◆ Provided data

==========

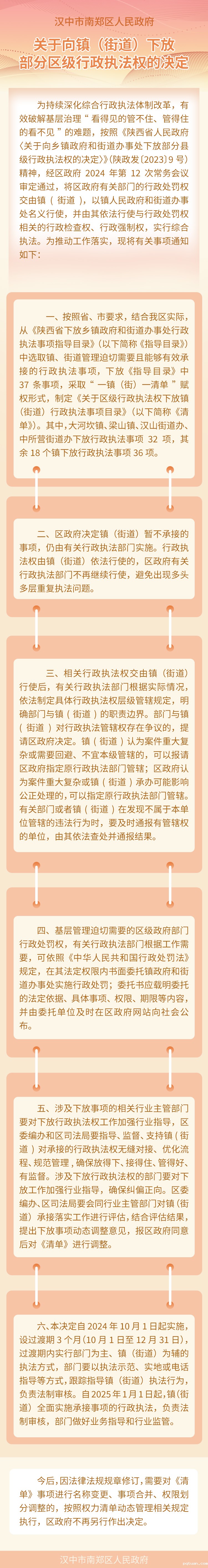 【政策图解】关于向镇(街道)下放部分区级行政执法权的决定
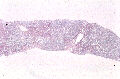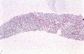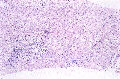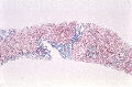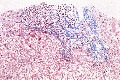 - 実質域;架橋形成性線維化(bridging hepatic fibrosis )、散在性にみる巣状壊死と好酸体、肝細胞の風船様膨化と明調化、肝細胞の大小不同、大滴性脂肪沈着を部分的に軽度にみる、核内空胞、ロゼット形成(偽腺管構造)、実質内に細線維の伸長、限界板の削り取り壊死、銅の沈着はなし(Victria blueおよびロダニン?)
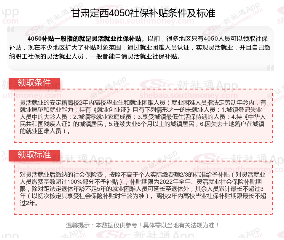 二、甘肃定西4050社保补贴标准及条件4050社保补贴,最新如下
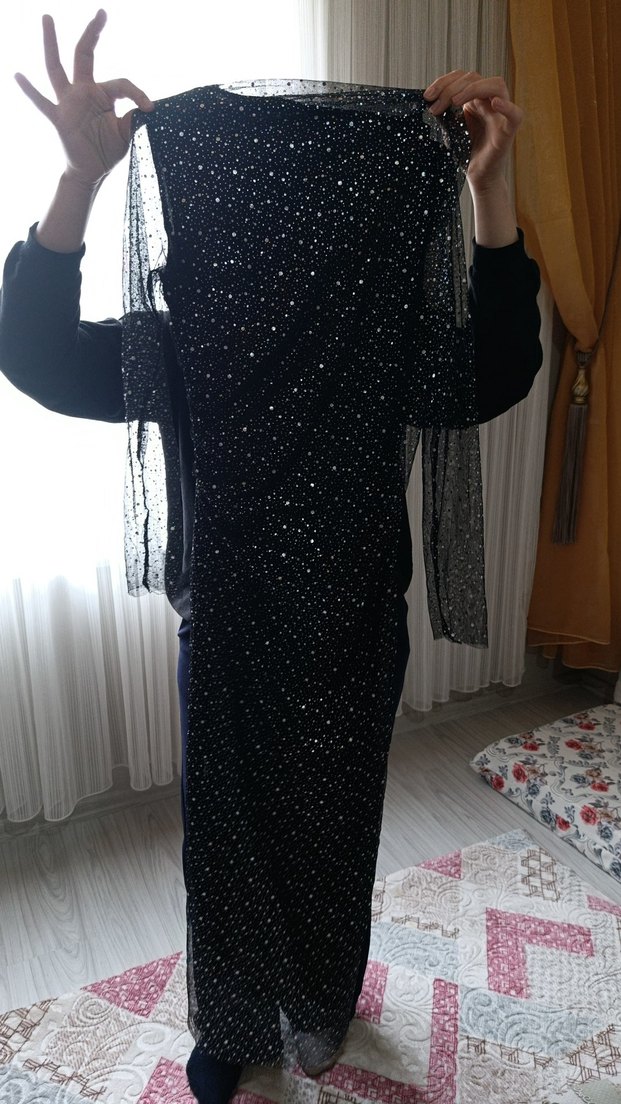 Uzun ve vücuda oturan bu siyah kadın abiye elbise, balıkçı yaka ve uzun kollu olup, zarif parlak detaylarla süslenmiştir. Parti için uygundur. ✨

==========

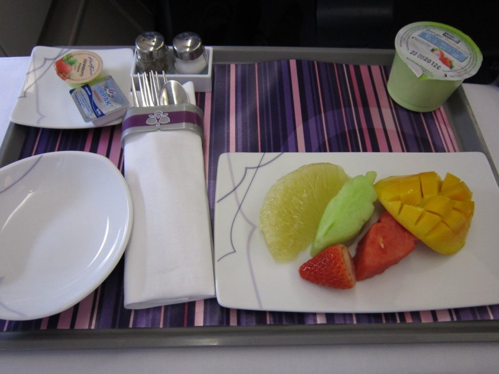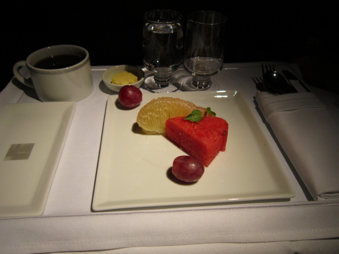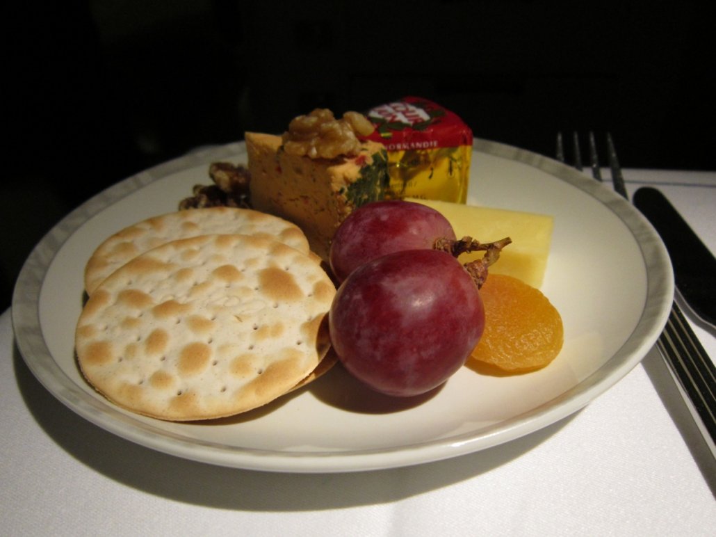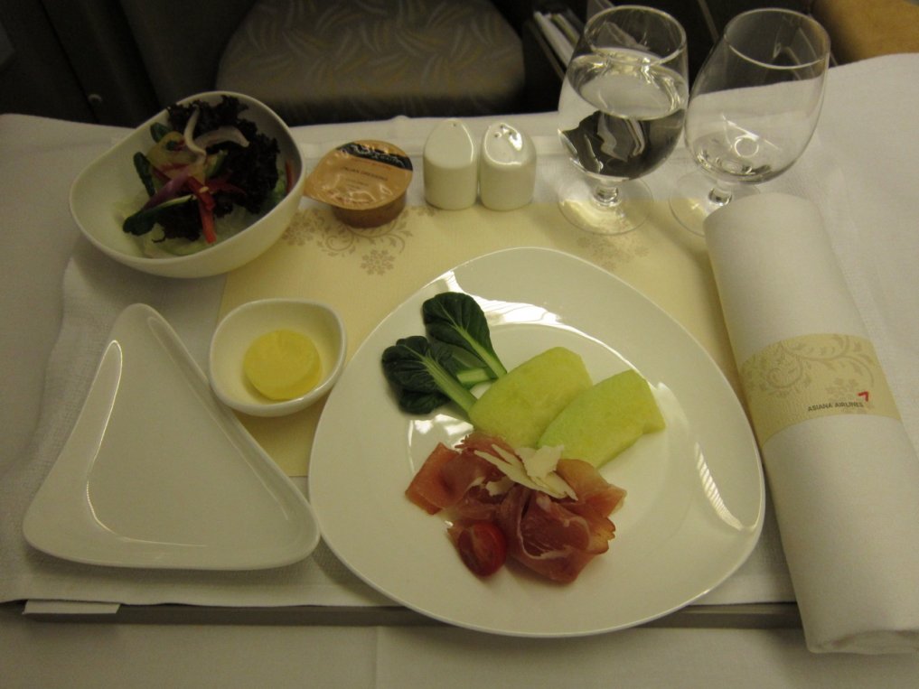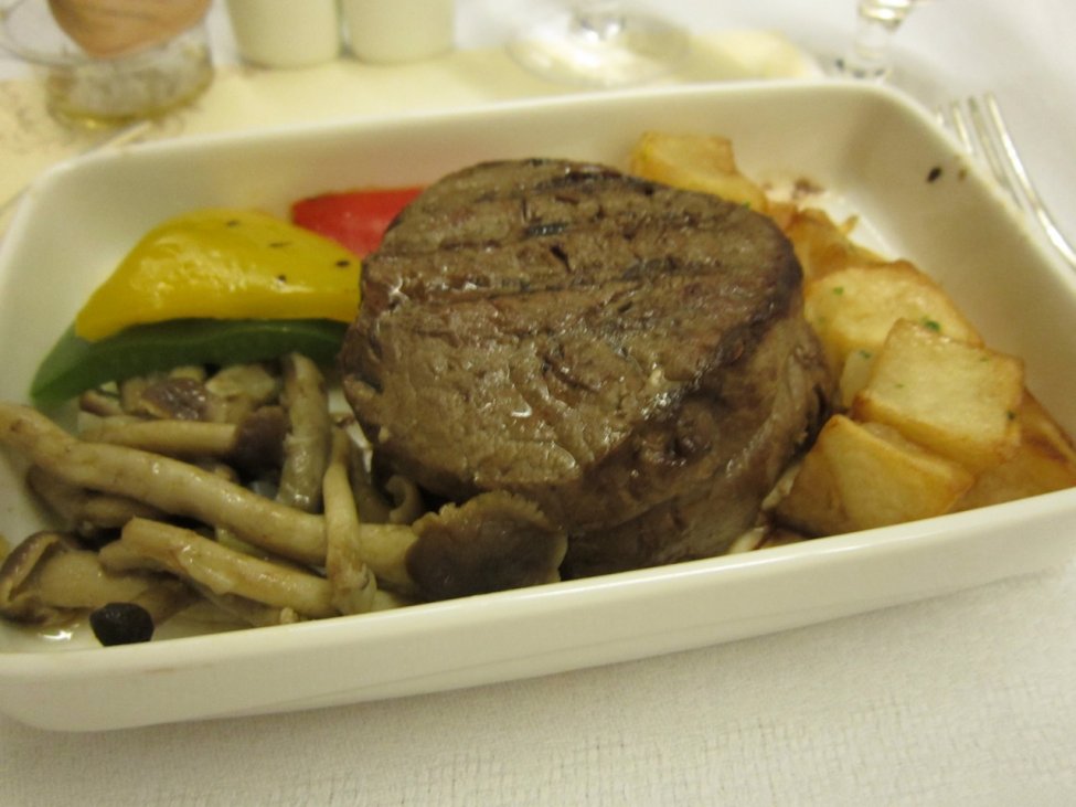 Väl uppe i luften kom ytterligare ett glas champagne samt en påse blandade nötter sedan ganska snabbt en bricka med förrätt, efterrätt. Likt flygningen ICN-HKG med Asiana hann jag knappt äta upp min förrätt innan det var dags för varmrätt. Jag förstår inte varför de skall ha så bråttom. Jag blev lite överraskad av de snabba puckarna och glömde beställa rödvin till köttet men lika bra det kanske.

==========

◆ Work to complete
With the pictures omitted, copy the entries above exactly from the line containing "- 実質域;架橋形成性線維化(bridging hepatic" through the line containing "二、甘肃定西4050社保补贴标准及条件4050社保补贴,最新如下", both lines included.

◆ Your response
 - 実質域;架橋形成性線維化(bridging hepatic fibrosis )、散在性にみる巣状壊死と好酸体、肝細胞の風船様膨化と明調化、肝細胞の大小不同、大滴性脂肪沈着を部分的に軽度にみる、核内空胞、ロゼット形成(偽腺管構造)、実質内に細線維の伸長、限界板の削り取り壊死、銅の沈着はなし(Victria blueおよびロダニン?)
 二、甘肃定西4050社保补贴标准及条件4050社保补贴,最新如下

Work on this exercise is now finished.